● **WHAT THE EXERCISE ASKS**
Below are records to be repeated exactly. Leave their pictures behind.

● **DATASET EXTRACT**
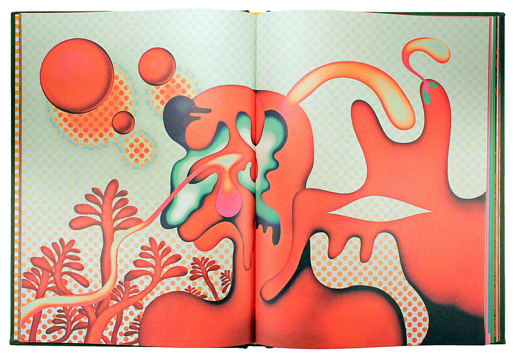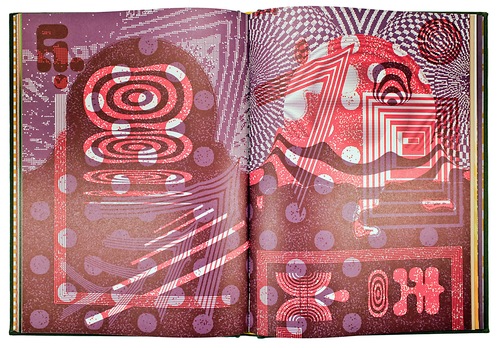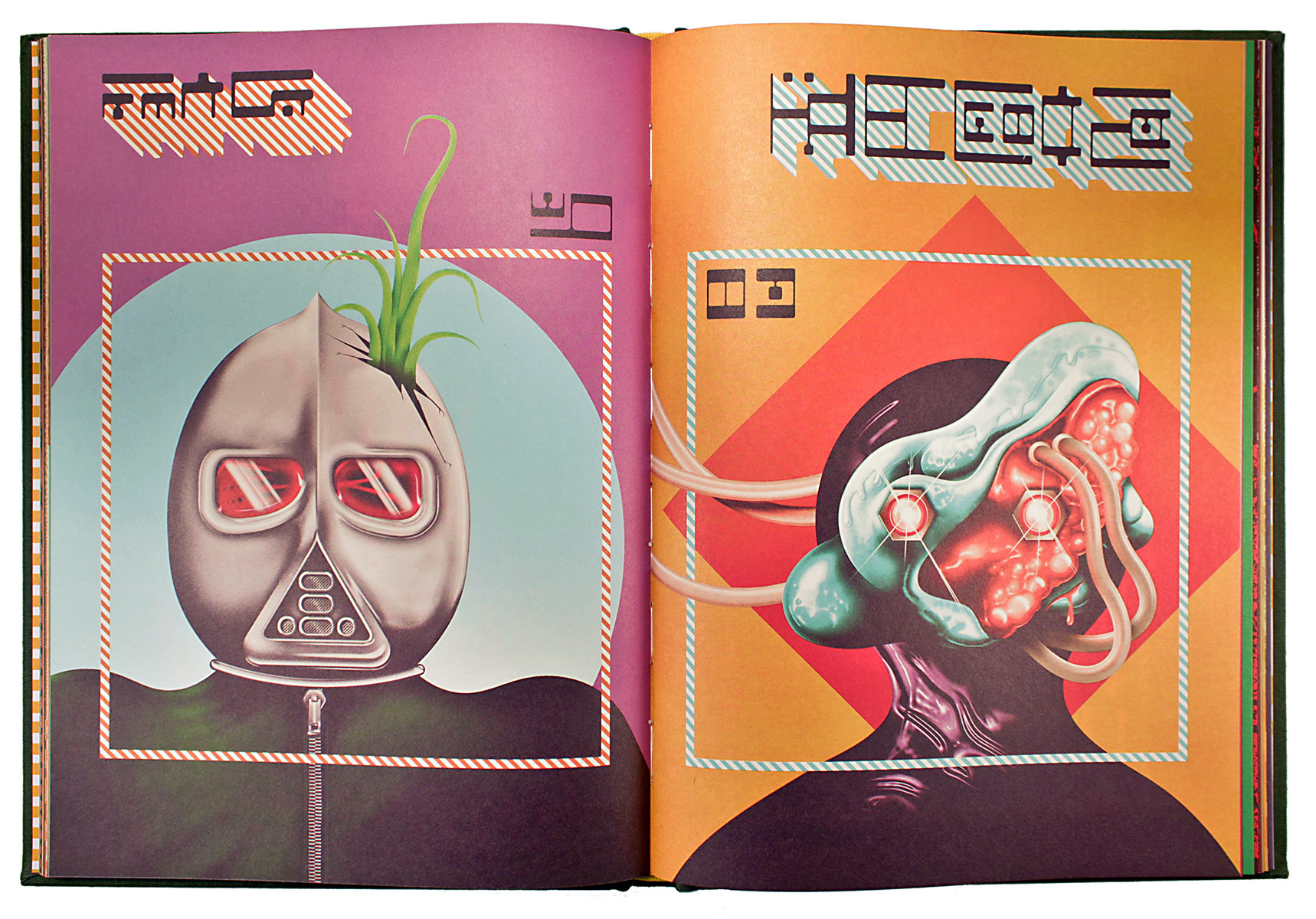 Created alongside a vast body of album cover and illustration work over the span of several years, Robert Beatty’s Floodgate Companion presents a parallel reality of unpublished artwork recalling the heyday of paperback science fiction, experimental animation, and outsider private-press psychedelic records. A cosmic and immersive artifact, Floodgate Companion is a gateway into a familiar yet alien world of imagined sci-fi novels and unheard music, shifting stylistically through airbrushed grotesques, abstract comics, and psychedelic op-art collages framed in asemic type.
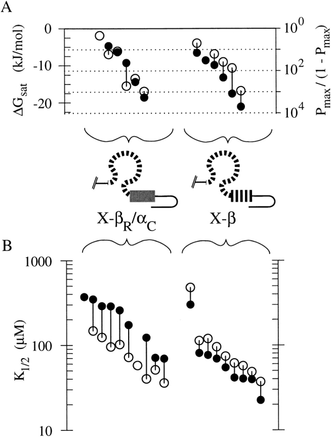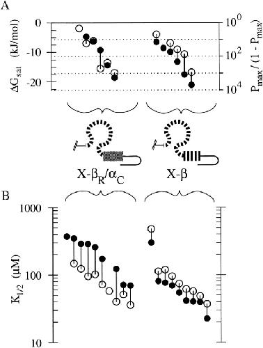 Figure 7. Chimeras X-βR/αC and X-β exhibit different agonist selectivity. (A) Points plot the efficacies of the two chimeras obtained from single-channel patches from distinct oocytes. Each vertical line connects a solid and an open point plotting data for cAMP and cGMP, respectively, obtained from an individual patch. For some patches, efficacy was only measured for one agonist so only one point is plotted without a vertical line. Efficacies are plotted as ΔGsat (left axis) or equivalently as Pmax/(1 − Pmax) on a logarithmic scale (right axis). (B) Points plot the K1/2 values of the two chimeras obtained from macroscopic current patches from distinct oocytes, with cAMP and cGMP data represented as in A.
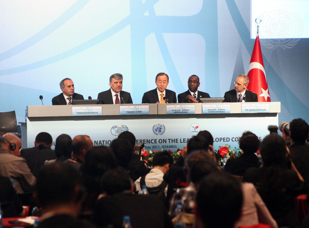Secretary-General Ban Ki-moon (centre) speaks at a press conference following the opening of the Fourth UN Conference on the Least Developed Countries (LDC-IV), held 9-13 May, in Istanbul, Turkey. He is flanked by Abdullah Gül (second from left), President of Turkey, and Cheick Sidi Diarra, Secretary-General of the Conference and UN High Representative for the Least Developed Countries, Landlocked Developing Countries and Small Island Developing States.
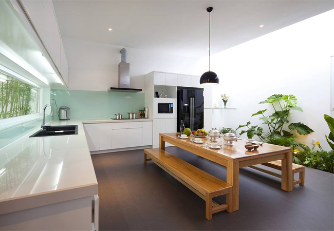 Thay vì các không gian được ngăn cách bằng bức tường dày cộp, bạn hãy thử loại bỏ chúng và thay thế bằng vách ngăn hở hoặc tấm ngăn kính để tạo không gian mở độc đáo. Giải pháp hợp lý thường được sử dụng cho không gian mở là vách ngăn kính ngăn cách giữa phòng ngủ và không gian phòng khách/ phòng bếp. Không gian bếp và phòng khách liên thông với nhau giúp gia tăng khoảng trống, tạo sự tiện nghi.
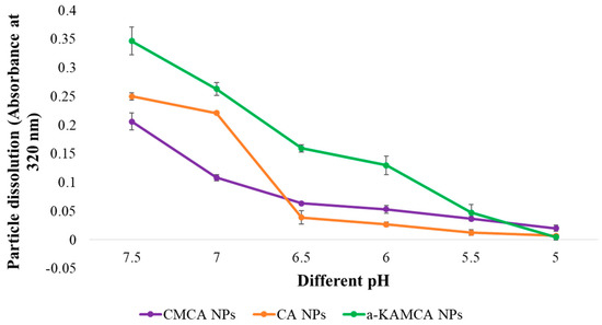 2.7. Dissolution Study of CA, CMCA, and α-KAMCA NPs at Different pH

● **OUTPUT BELOW**
 Created alongside a vast body of album cover and illustration work over the span of several years, Robert Beatty’s Floodgate Companion presents a parallel reality of unpublished artwork recalling the heyday of paperback science fiction, experimental animation, and outsider private-press psychedelic records. A cosmic and immersive artifact, Floodgate Companion is a gateway into a familiar yet alien world of imagined sci-fi novels and unheard music, shifting stylistically through airbrushed grotesques, abstract comics, and psychedelic op-art collages framed in asemic type.
 Figure 7. Chimeras X-βR/αC and X-β exhibit different agonist selectivity. (A) Points plot the efficacies of the two chimeras obtained from single-channel patches from distinct oocytes. Each vertical line connects a solid and an open point plotting data for cAMP and cGMP, respectively, obtained from an individual patch. For some patches, efficacy was only measured for one agonist so only one point is plotted without a vertical line. Efficacies are plotted as ΔGsat (left axis) or equivalently as Pmax/(1 − Pmax) on a logarithmic scale (right axis). (B) Points plot the K1/2 values of the two chimeras obtained from macroscopic current patches from distinct oocytes, with cAMP and cGMP data represented as in A.
Secretary-General Ban Ki-moon (centre) speaks at a press conference following the opening of the Fourth UN Conference on the Least Developed Countries (LDC-IV), held 9-13 May, in Istanbul, Turkey. He is flanked by Abdullah Gül (second from left), President of Turkey, and Cheick Sidi Diarra, Secretary-General of the Conference and UN High Representative for the Least Developed Countries, Landlocked Developing Countries and Small Island Developing States.
 Thay vì các không gian được ngăn cách bằng bức tường dày cộp, bạn hãy thử loại bỏ chúng và thay thế bằng vách ngăn hở hoặc tấm ngăn kính để tạo không gian mở độc đáo. Giải pháp hợp lý thường được sử dụng cho không gian mở là vách ngăn kính ngăn cách giữa phòng ngủ và không gian phòng khách/ phòng bếp. Không gian bếp và phòng khách liên thông với nhau giúp gia tăng khoảng trống, tạo sự tiện nghi.
 2.7. Dissolution Study of CA, CMCA, and α-KAMCA NPs at Different pH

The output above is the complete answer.